Shake-Shake Regularization in ResNet Architectures

Context

Standard empirical risk minimization (ERM) on finite training sets overfits. Regularization methods address this, but the landscape of non-ERM techniques for deep networks is fragmented: dropout operates on activations, weight decay on parameters, and data augmentation on inputs. A newer family of methods --- Shake-Shake, Mixup, Cutout --- intervenes at different points in the forward pass and has distinct inductive biases.

This project compares these methods on CIFAR-10, not merely in terms of final accuracy, but to understand the mechanism by which each improves generalization.

Methods

Shake-Shake stochastically interpolates the outputs of two residual branches with random coefficients during training, then uses a fixed 0.5/0.5 blend at test time. This injects noise into the forward pass at the level of feature maps, acting as an implicit ensemble over exponentially many sub-architectures.

Mixup linearly interpolates both inputs and labels between random training pairs. Unlike standard augmentation, it operates in the input-label space simultaneously, encouraging the model to learn linear behavior between training examples.

Cutout zeroes out random rectangular patches of the input image, forcing the network to use spatially distributed features rather than relying on any single discriminative region.

Findings

Model	Test Accuracy
ResNet-50 (baseline)	92.0%
+ Shake-Shake	93.0%
Basic CNN (baseline)	78.0%
+ Combined regularization	88.0%

The methods are not interchangeable. Shake-Shake provides the largest marginal gain on ResNets, where the multi-branch architecture gives it a natural hook. Cutout helps most when the model is overfitting to localized features (visible via GradCAM analysis showing more distributed attention maps). Mixup's benefit is largest at small data sizes, consistent with its role as a data-efficient regularizer.

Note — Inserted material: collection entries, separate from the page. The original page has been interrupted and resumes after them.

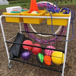 Durable and lightweight, this cart keeps gym equipment neat and organized.
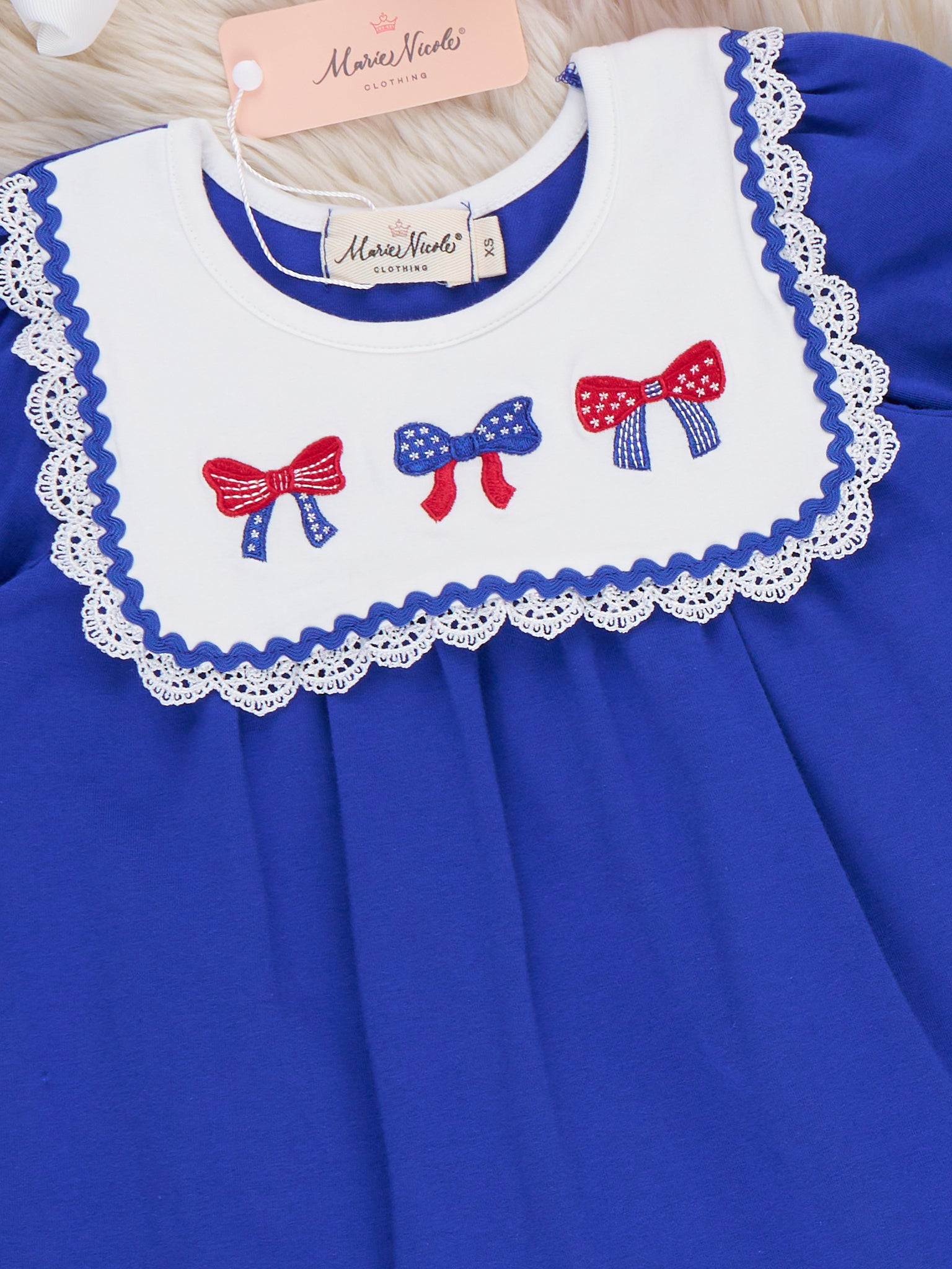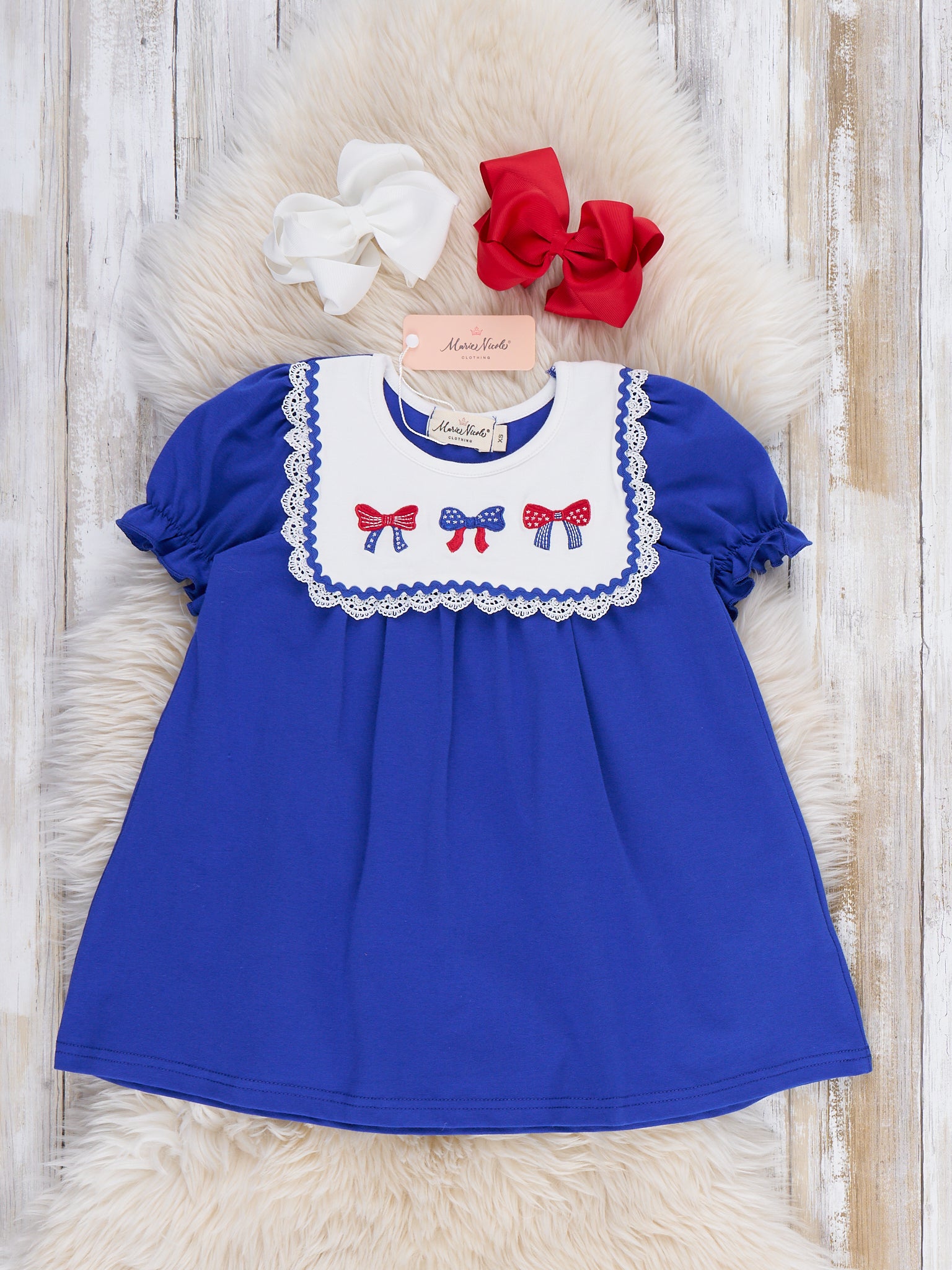 The Patriotic Bow Bliss Embroidered Cotton Ruffle Dress by Marie Nicole Clothing adds a charming touch to any celebration. Featuring an embroidered bow design and soft, ruffled sleeves, this dress is perfect for festive gatherings and family outings. The comfortable fit and sweet details make it an ideal choice for holidays, parades, and all-day fun.
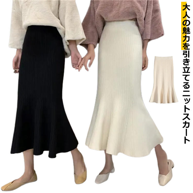 フレアスカート ロング丈 きれいめ ニットスカート ニットスカート 着瘦せレディースファッション ボトムス スカート
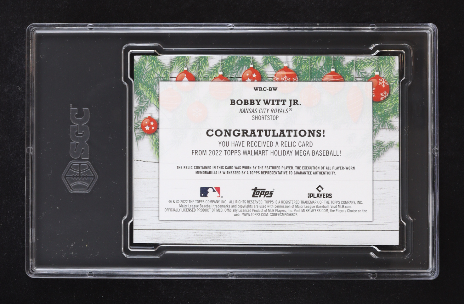 Bobby Witt Jr. 2022 Topps Holiday Relic #WRC-BW RC (SGC 9.5)
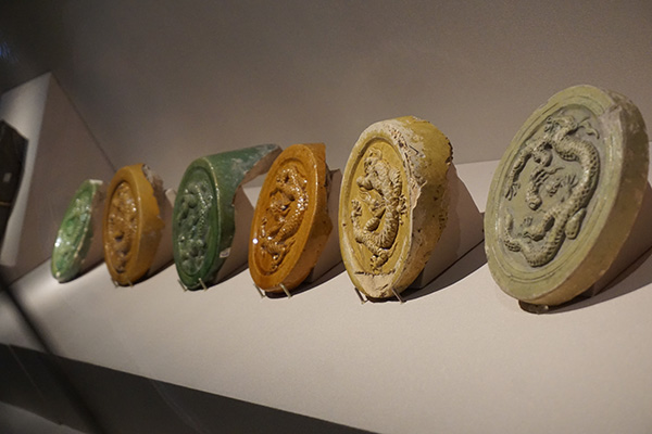明代保存至今的琉璃瓦的部件,如下面的凤纹、龙纹滴水,各种颜色的琉璃龙纹勾头依旧上的龙、凤纹雕花依旧清晰,且颜色褪去以后,别有一种不同于今天琉璃瓦部件的古朴。琉璃瓦的部件
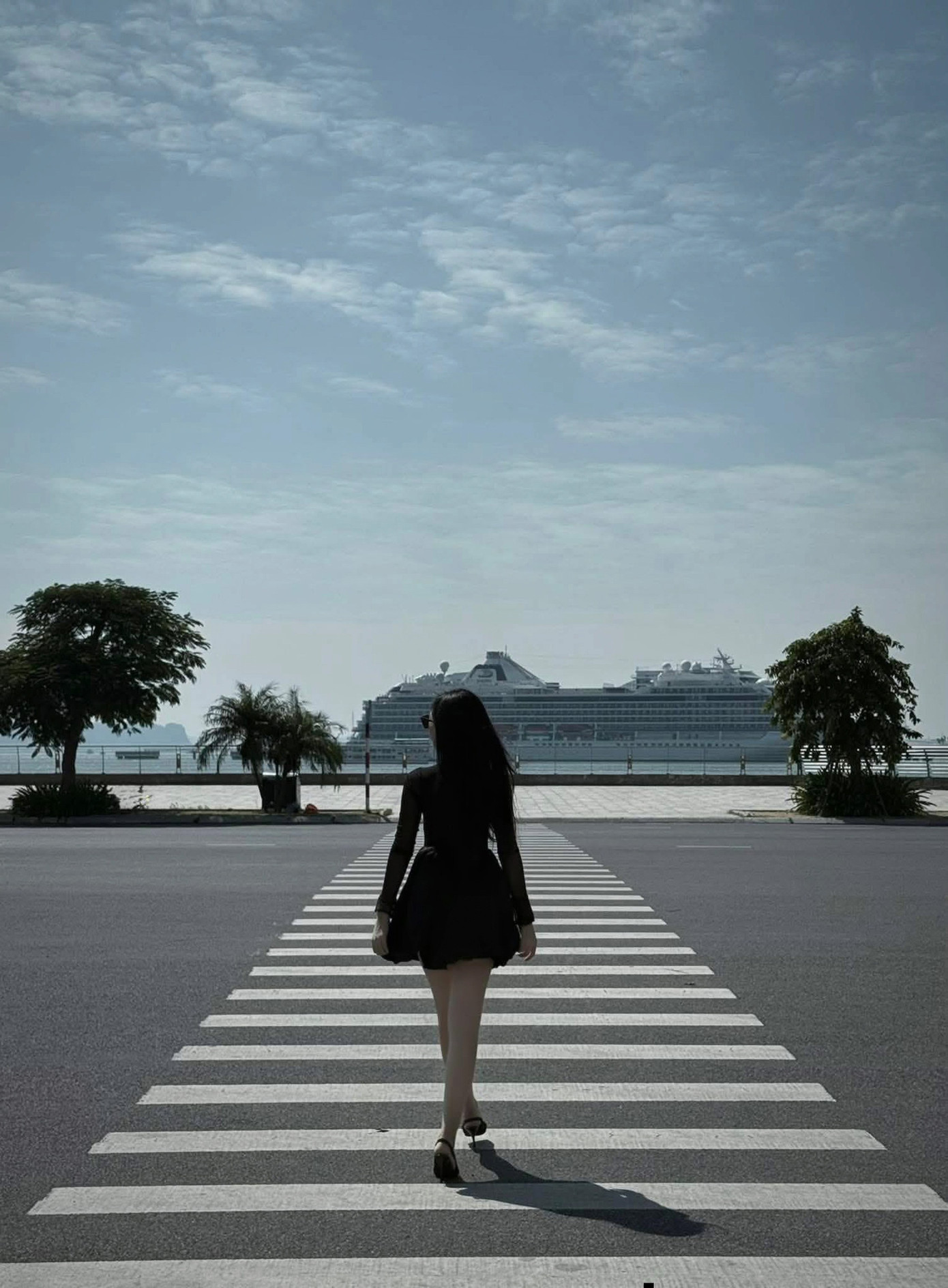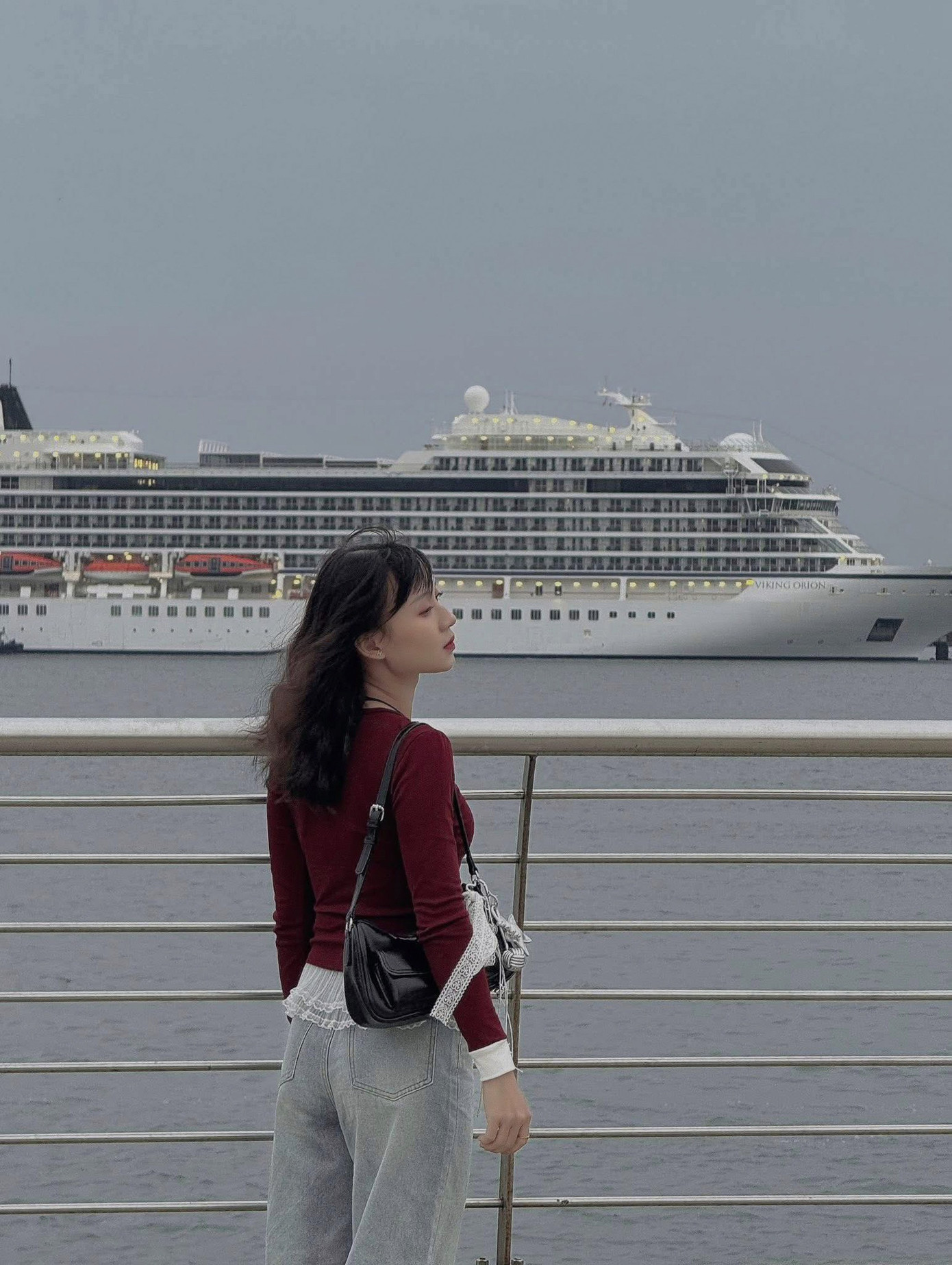 "Chụp ảnh cùng tàu biển trở thành trào lưu của giới trẻ khi đến đây. Chúng em gọi vui đây là phong cách Hồng Kông ở Hạ Long", Thùy Dương chia sẻ.
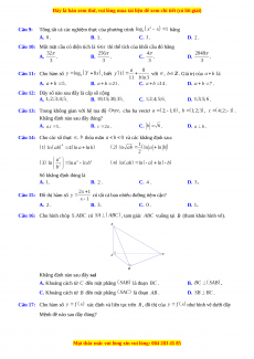 ĐỀ THI KHẢO SÁT CHẤT LƯỢNG LẦN 3 NĂM HỌC: 2022-2023 Câu 1: Cho mặt cầu có phương trình . có tâm , bán kính . Phát biểu nào sau đây đúng A. . B. . C. . D. . Câu 2:
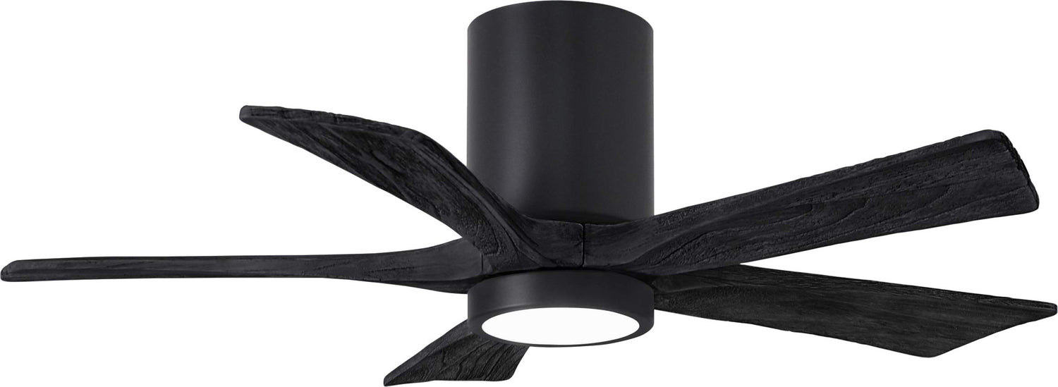 Matthews Fan IR5HLK-BK-BK-42 IR5HLK five-blade flush mount paddle fan in Matte Black finish with 42” solid matte black wood blades and integrated LED light kit.

Combining all three methods yields diminishing returns --- the regularization effects partially overlap, particularly Shake-Shake and Mixup, which both smooth the loss landscape in complementary ways.

Conclusion

The choice of regularizer should be informed by the failure mode. If the model memorizes spatially localized cues, Cutout is most effective. If the decision boundary is overly sharp, Mixup or Shake-Shake smooth it. The practical takeaway: Shake-Shake is the strongest single addition to a ResNet, but only because it exploits the multi-branch topology that ResNets already provide.